> _Exercise_
Give back every record below word for word, with the pictures omitted.

Entries taken from a collection

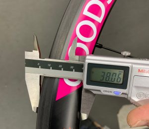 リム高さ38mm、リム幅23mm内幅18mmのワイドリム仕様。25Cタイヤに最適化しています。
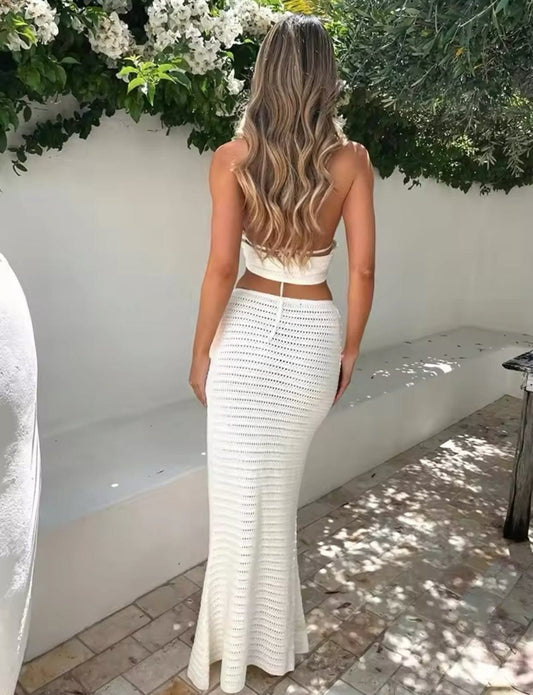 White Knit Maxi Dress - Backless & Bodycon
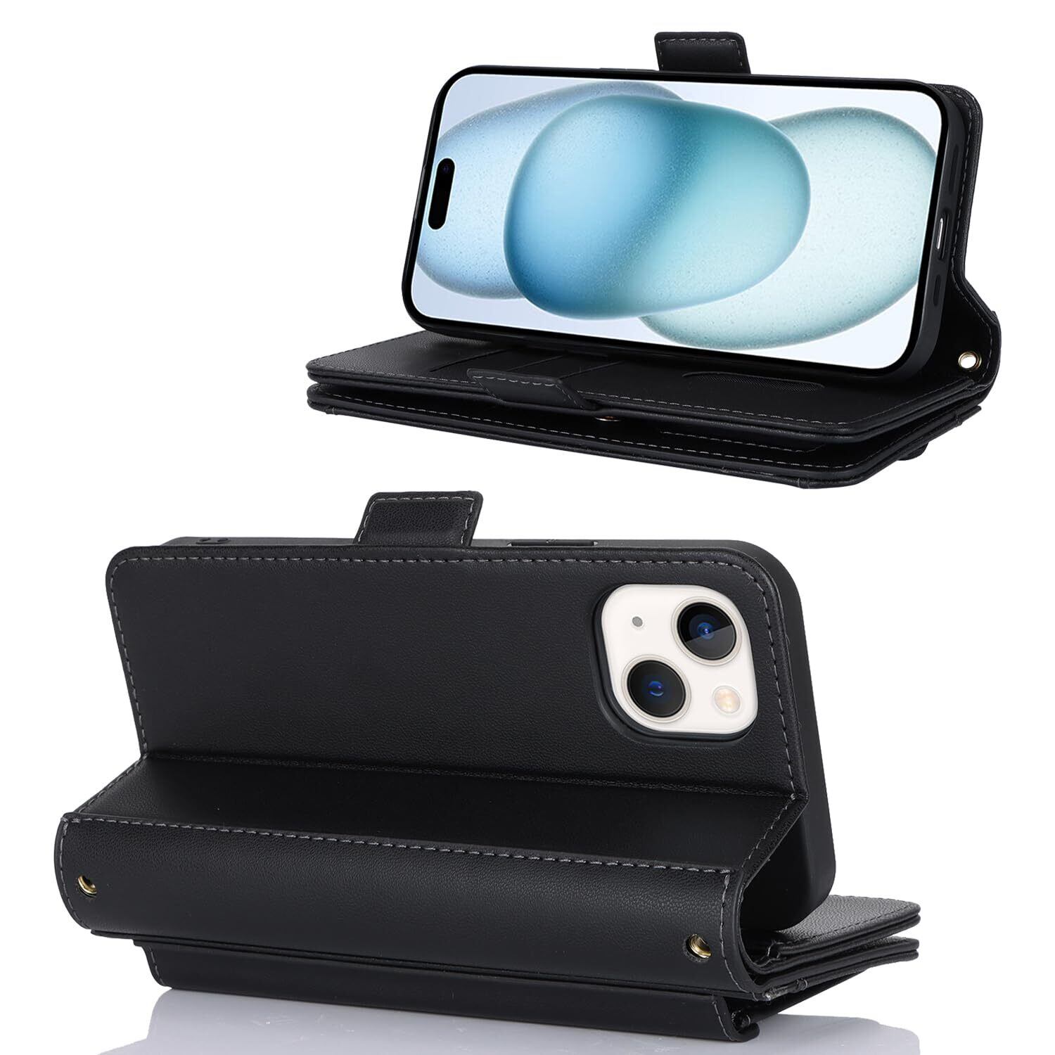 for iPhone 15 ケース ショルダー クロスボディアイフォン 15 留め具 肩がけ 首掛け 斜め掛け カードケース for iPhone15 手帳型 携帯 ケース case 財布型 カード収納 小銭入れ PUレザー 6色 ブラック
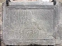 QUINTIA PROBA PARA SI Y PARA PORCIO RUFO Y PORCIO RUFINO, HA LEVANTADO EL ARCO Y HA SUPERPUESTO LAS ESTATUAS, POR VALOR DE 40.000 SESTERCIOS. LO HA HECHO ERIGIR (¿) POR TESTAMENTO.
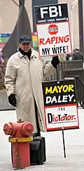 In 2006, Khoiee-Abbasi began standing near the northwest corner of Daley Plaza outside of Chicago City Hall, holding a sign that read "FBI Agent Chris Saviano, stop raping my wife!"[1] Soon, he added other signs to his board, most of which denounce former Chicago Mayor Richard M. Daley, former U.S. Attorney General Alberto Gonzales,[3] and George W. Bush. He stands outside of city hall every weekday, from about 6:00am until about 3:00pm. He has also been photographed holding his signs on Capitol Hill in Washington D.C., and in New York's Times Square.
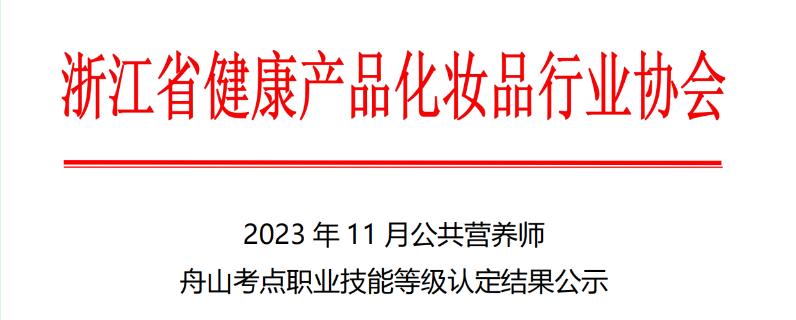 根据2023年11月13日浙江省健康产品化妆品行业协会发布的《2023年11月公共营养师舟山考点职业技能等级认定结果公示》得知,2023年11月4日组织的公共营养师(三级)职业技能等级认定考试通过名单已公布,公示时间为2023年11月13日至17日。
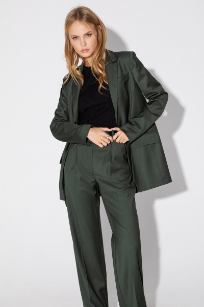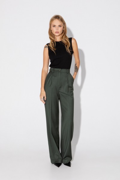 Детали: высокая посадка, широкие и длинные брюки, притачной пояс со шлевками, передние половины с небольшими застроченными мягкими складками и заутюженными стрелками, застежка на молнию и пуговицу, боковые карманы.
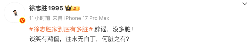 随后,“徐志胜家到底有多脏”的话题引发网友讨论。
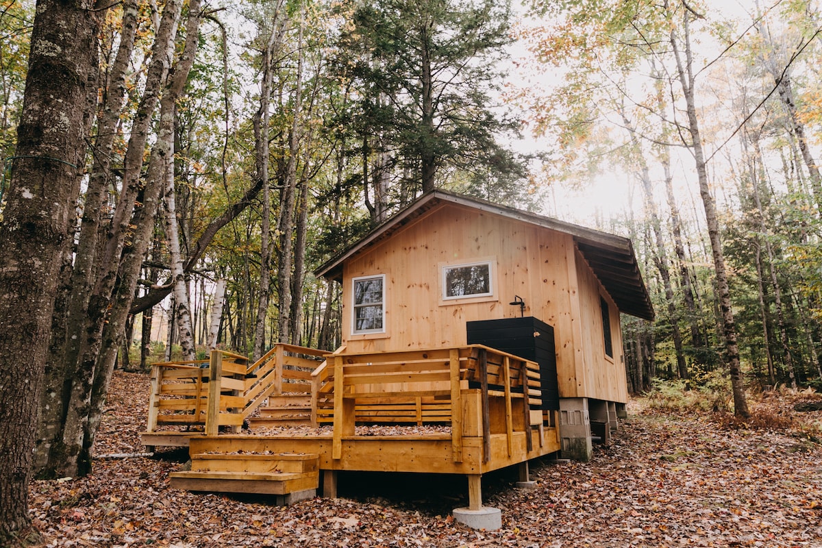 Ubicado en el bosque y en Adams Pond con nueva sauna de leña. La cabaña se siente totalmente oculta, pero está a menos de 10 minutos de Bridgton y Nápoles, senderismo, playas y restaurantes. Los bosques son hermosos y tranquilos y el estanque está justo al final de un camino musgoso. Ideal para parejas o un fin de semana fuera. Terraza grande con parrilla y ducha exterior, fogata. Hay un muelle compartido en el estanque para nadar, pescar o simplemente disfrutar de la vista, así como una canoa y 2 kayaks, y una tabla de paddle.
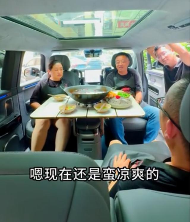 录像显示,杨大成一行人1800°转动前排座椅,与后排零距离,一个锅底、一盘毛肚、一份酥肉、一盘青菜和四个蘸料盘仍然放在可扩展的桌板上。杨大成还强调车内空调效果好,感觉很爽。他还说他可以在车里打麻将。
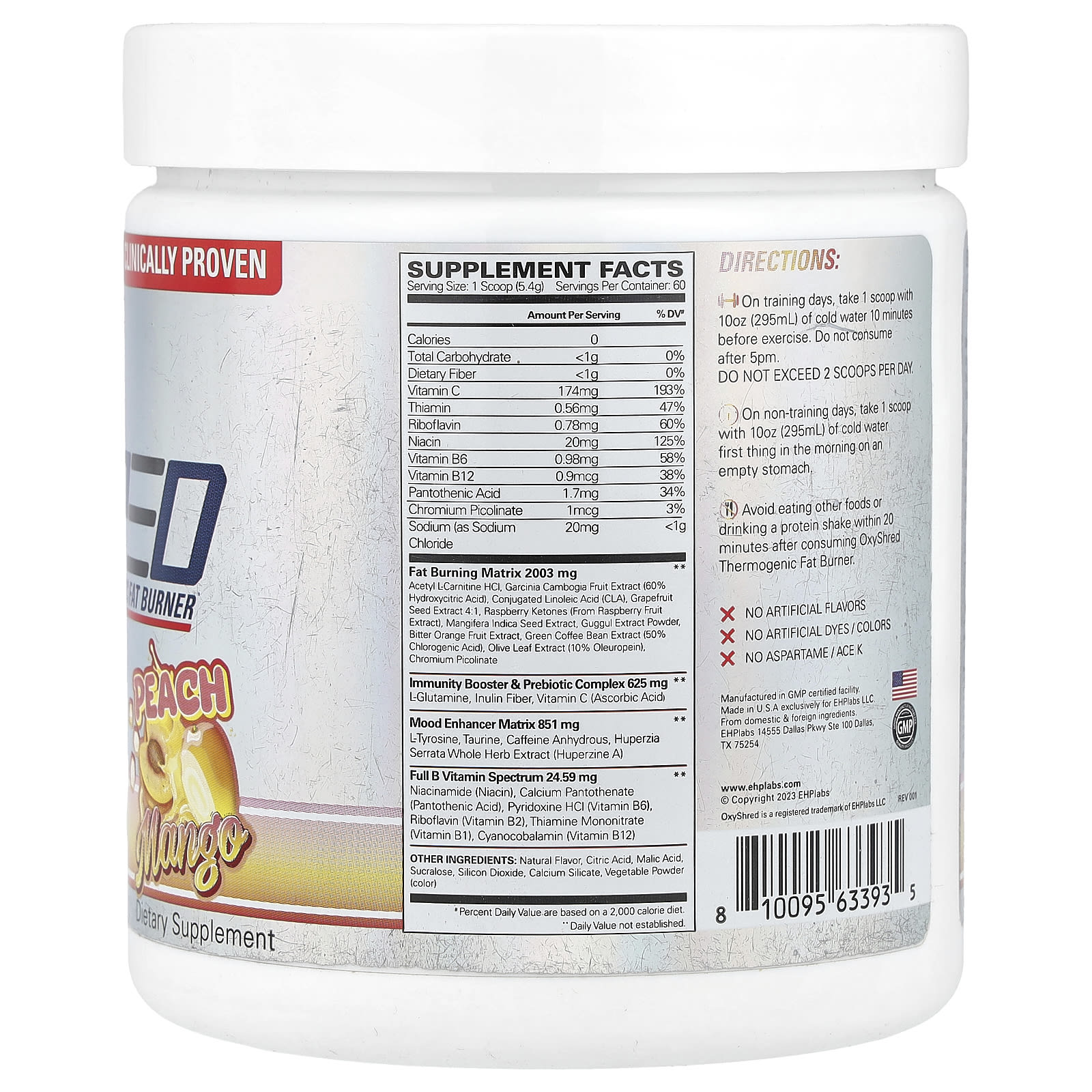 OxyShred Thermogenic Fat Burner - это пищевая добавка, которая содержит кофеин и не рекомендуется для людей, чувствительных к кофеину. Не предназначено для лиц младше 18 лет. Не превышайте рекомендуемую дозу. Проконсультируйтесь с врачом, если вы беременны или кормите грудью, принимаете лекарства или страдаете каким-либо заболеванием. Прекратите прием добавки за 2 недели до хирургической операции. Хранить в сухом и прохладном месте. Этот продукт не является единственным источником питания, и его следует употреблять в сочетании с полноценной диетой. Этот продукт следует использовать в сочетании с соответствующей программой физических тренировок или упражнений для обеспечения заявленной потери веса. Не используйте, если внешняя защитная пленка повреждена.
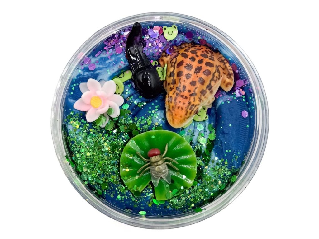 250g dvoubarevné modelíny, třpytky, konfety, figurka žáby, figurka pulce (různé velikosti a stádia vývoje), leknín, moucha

> _Answer section_
 リム高さ38mm、リム幅23mm内幅18mmのワイドリム仕様。25Cタイヤに最適化しています。
 White Knit Maxi Dress - Backless & Bodycon
 for iPhone 15 ケース ショルダー クロスボディアイフォン 15 留め具 肩がけ 首掛け 斜め掛け カードケース for iPhone15 手帳型 携帯 ケース case 財布型 カード収納 小銭入れ PUレザー 6色 ブラック
 QUINTIA PROBA PARA SI Y PARA PORCIO RUFO Y PORCIO RUFINO, HA LEVANTADO EL ARCO Y HA SUPERPUESTO LAS ESTATUAS, POR VALOR DE 40.000 SESTERCIOS. LO HA HECHO ERIGIR (¿) POR TESTAMENTO.
 In 2006, Khoiee-Abbasi began standing near the northwest corner of Daley Plaza outside of Chicago City Hall, holding a sign that read "FBI Agent Chris Saviano, stop raping my wife!"[1] Soon, he added other signs to his board, most of which denounce former Chicago Mayor Richard M. Daley, former U.S. Attorney General Alberto Gonzales,[3] and George W. Bush. He stands outside of city hall every weekday, from about 6:00am until about 3:00pm. He has also been photographed holding his signs on Capitol Hill in Washington D.C., and in New York's Times Square.
 根据2023年11月13日浙江省健康产品化妆品行业协会发布的《2023年11月公共营养师舟山考点职业技能等级认定结果公示》得知,2023年11月4日组织的公共营养师(三级)职业技能等级认定考试通过名单已公布,公示时间为2023年11月13日至17日。
 Детали: высокая посадка, широкие и длинные брюки, притачной пояс со шлевками, передние половины с небольшими застроченными мягкими складками и заутюженными стрелками, застежка на молнию и пуговицу, боковые карманы.
 随后,“徐志胜家到底有多脏”的话题引发网友讨论。
 Ubicado en el bosque y en Adams Pond con nueva sauna de leña. La cabaña se siente totalmente oculta, pero está a menos de 10 minutos de Bridgton y Nápoles, senderismo, playas y restaurantes. Los bosques son hermosos y tranquilos y el estanque está justo al final de un camino musgoso. Ideal para parejas o un fin de semana fuera. Terraza grande con parrilla y ducha exterior, fogata. Hay un muelle compartido en el estanque para nadar, pescar o simplemente disfrutar de la vista, así como una canoa y 2 kayaks, y una tabla de paddle.
 录像显示,杨大成一行人1800°转动前排座椅,与后排零距离,一个锅底、一盘毛肚、一份酥肉、一盘青菜和四个蘸料盘仍然放在可扩展的桌板上。杨大成还强调车内空调效果好,感觉很爽。他还说他可以在车里打麻将。
 OxyShred Thermogenic Fat Burner - это пищевая добавка, которая содержит кофеин и не рекомендуется для людей, чувствительных к кофеину. Не предназначено для лиц младше 18 лет. Не превышайте рекомендуемую дозу. Проконсультируйтесь с врачом, если вы беременны или кормите грудью, принимаете лекарства или страдаете каким-либо заболеванием. Прекратите прием добавки за 2 недели до хирургической операции. Хранить в сухом и прохладном месте. Этот продукт не является единственным источником питания, и его следует употреблять в сочетании с полноценной диетой. Этот продукт следует использовать в сочетании с соответствующей программой физических тренировок или упражнений для обеспечения заявленной потери веса. Не используйте, если внешняя защитная пленка повреждена.
 250g dvoubarevné modelíny, třpytky, konfety, figurka žáby, figurka pulce (různé velikosti a stádia vývoje), leknín, moucha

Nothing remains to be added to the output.